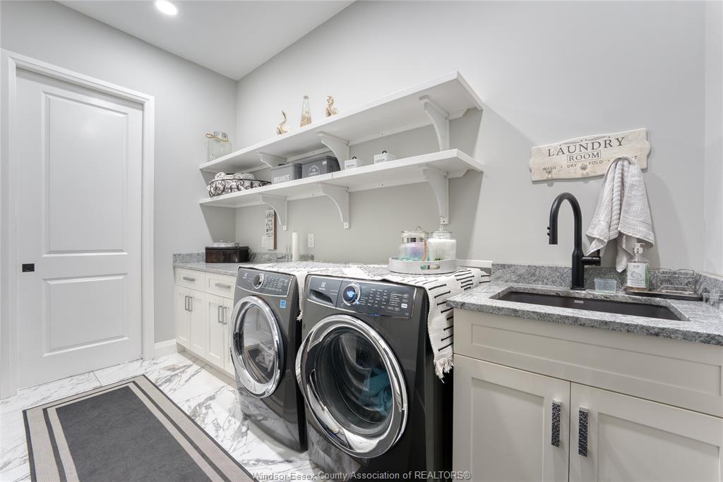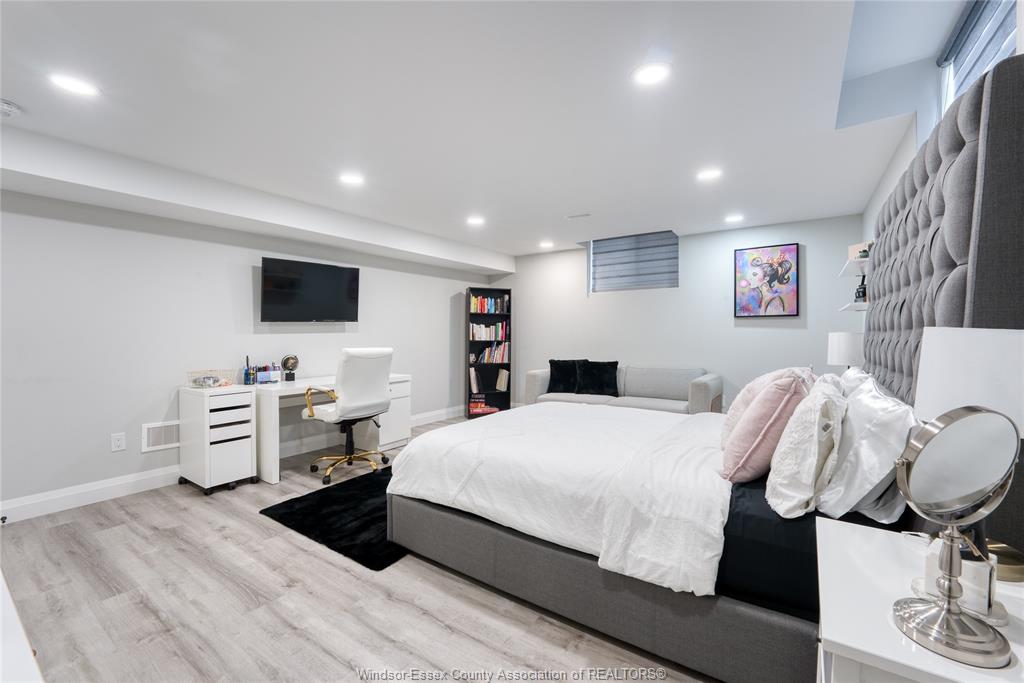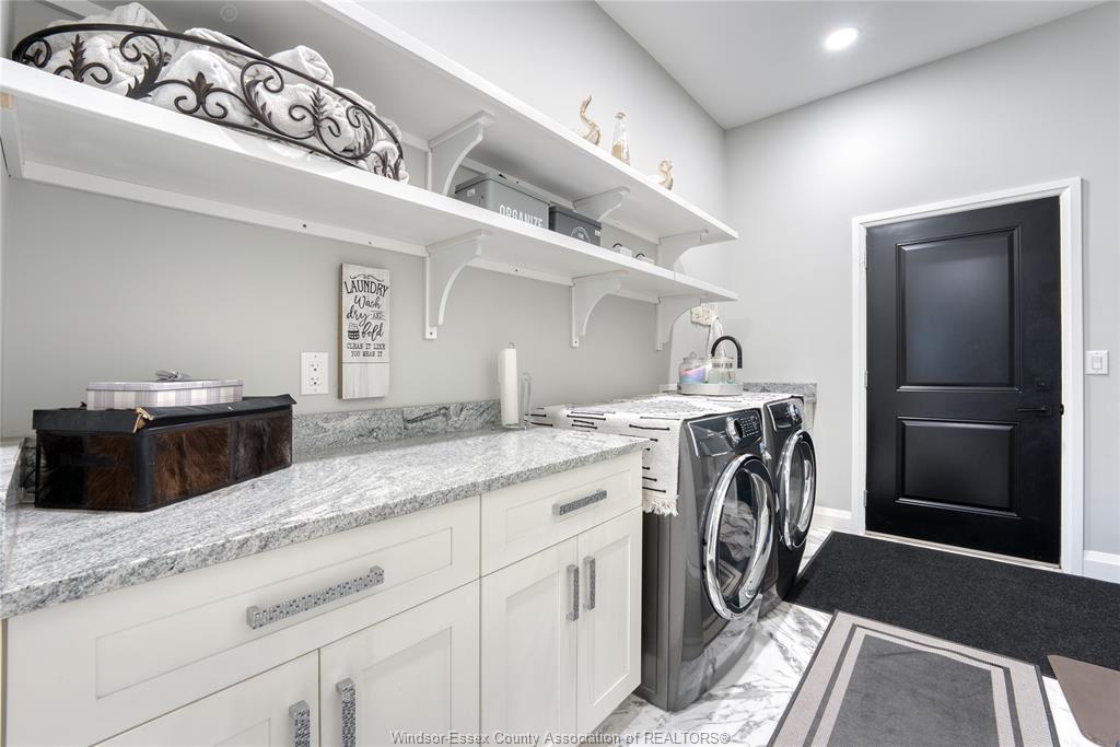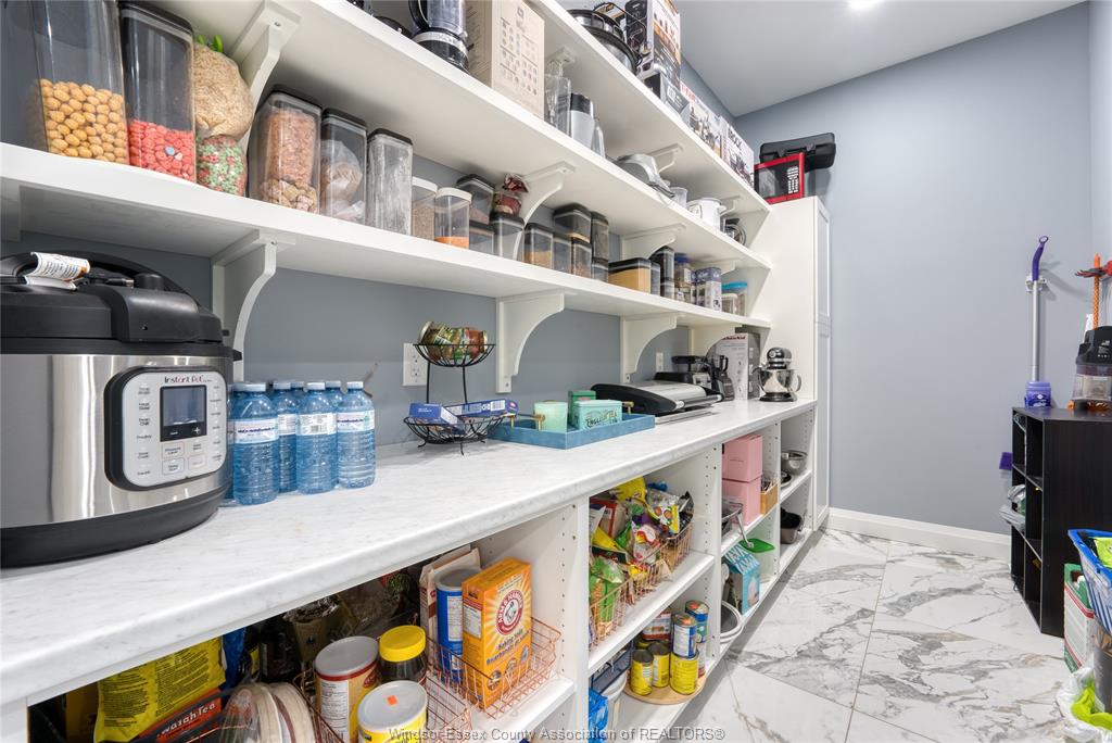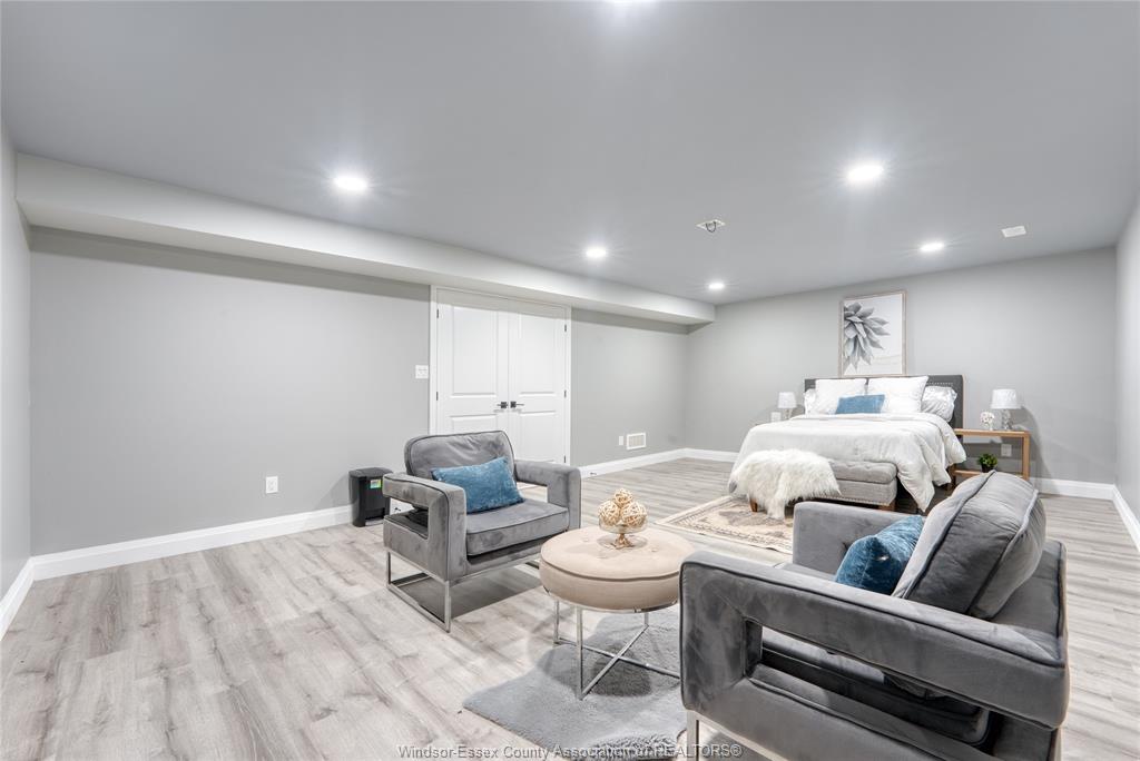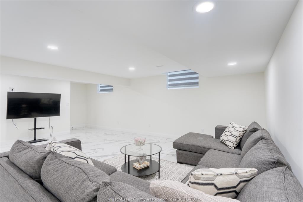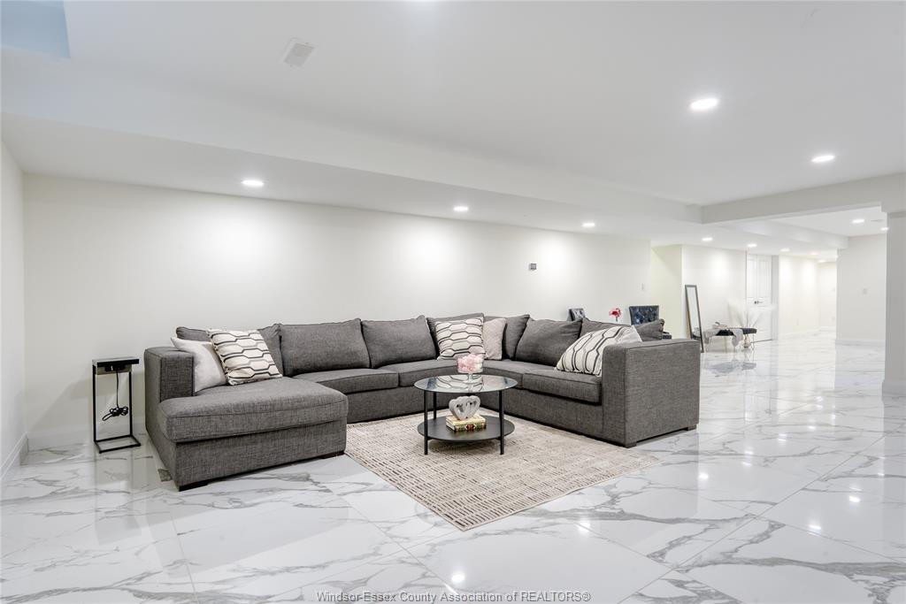 • Lower level features an in-law suite, theatre room, and roughed-in kitchen.
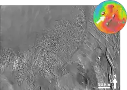 - Gigas Sulci, as seen by THEMIS. Wavy linear ridges are dunes. Dark slope streaks are visible on some slopes if you click on image for larger view.
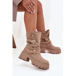 Botky pro dámy vyrobené z ekologického semiše. Umístěné na masivním podpatku, který zajistí stabilitu každým krokem. Zaoblené špičky. Tento model se vyznačuje páskem obtočeným kolem svršku s zlatými přezkami. Horní část svršku se zapíná na dva patentky. Bez ohledu na příležitost budou tyto botky skvělým doplňkem vaší šatníku!
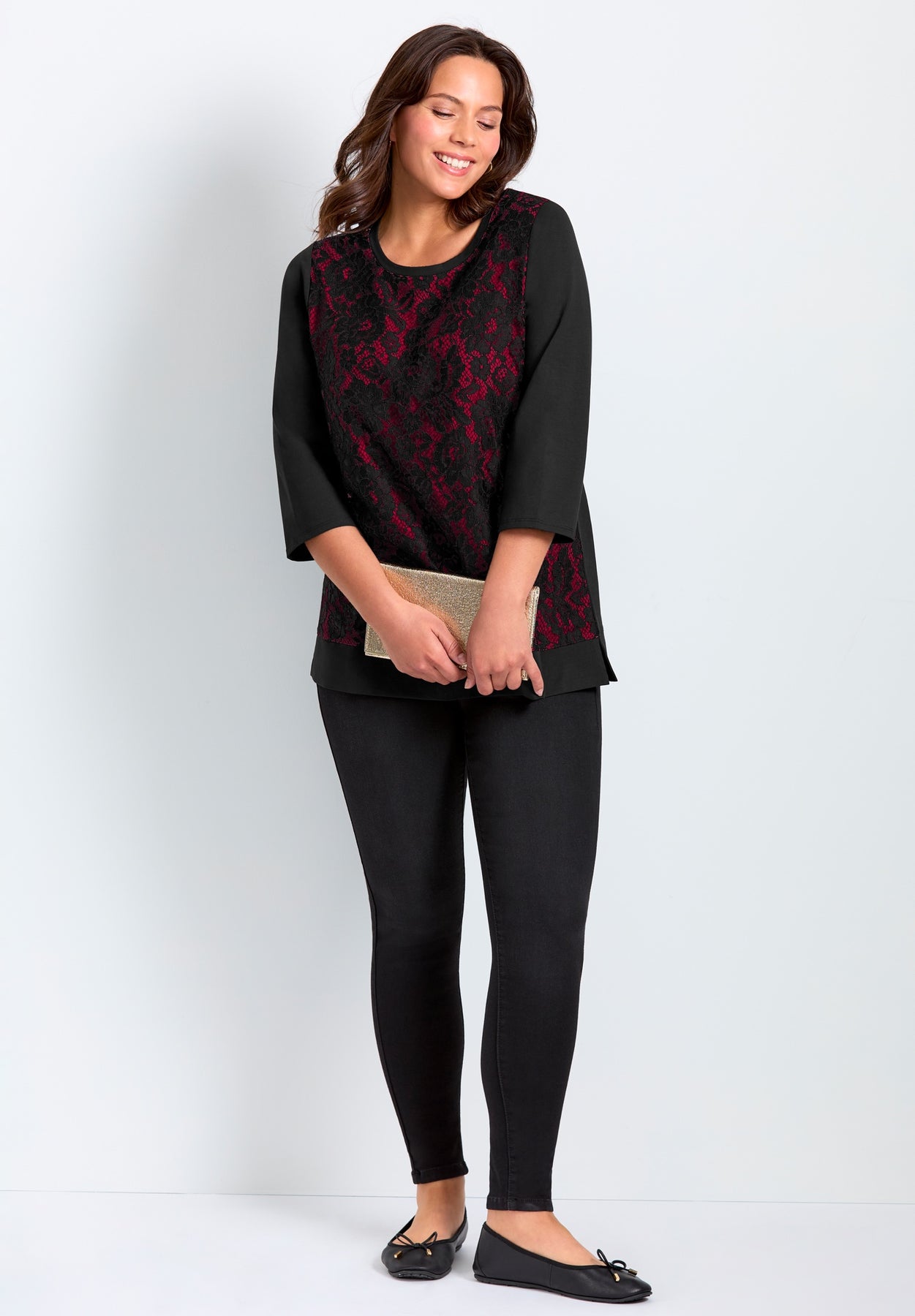 This top features a stylish lace overlay on the front for an elegant look. It has a classic scoop neckline and three-quarter sleeves, offering a comfortable yet polished silhouette. Perfect for dressing up your everyday wardrobe or adding flair to an evening outfit.
● ● ●
With the pictures excluded, restate the material exactly as it stands.

## Written answer
 • Lower level features an in-law suite, theatre room, and roughed-in kitchen.
 - Gigas Sulci, as seen by THEMIS. Wavy linear ridges are dunes. Dark slope streaks are visible on some slopes if you click on image for larger view.
 Botky pro dámy vyrobené z ekologického semiše. Umístěné na masivním podpatku, který zajistí stabilitu každým krokem. Zaoblené špičky. Tento model se vyznačuje páskem obtočeným kolem svršku s zlatými přezkami. Horní část svršku se zapíná na dva patentky. Bez ohledu na příležitost budou tyto botky skvělým doplňkem vaší šatníku!
 This top features a stylish lace overlay on the front for an elegant look. It has a classic scoop neckline and three-quarter sleeves, offering a comfortable yet polished silhouette. Perfect for dressing up your everyday wardrobe or adding flair to an evening outfit.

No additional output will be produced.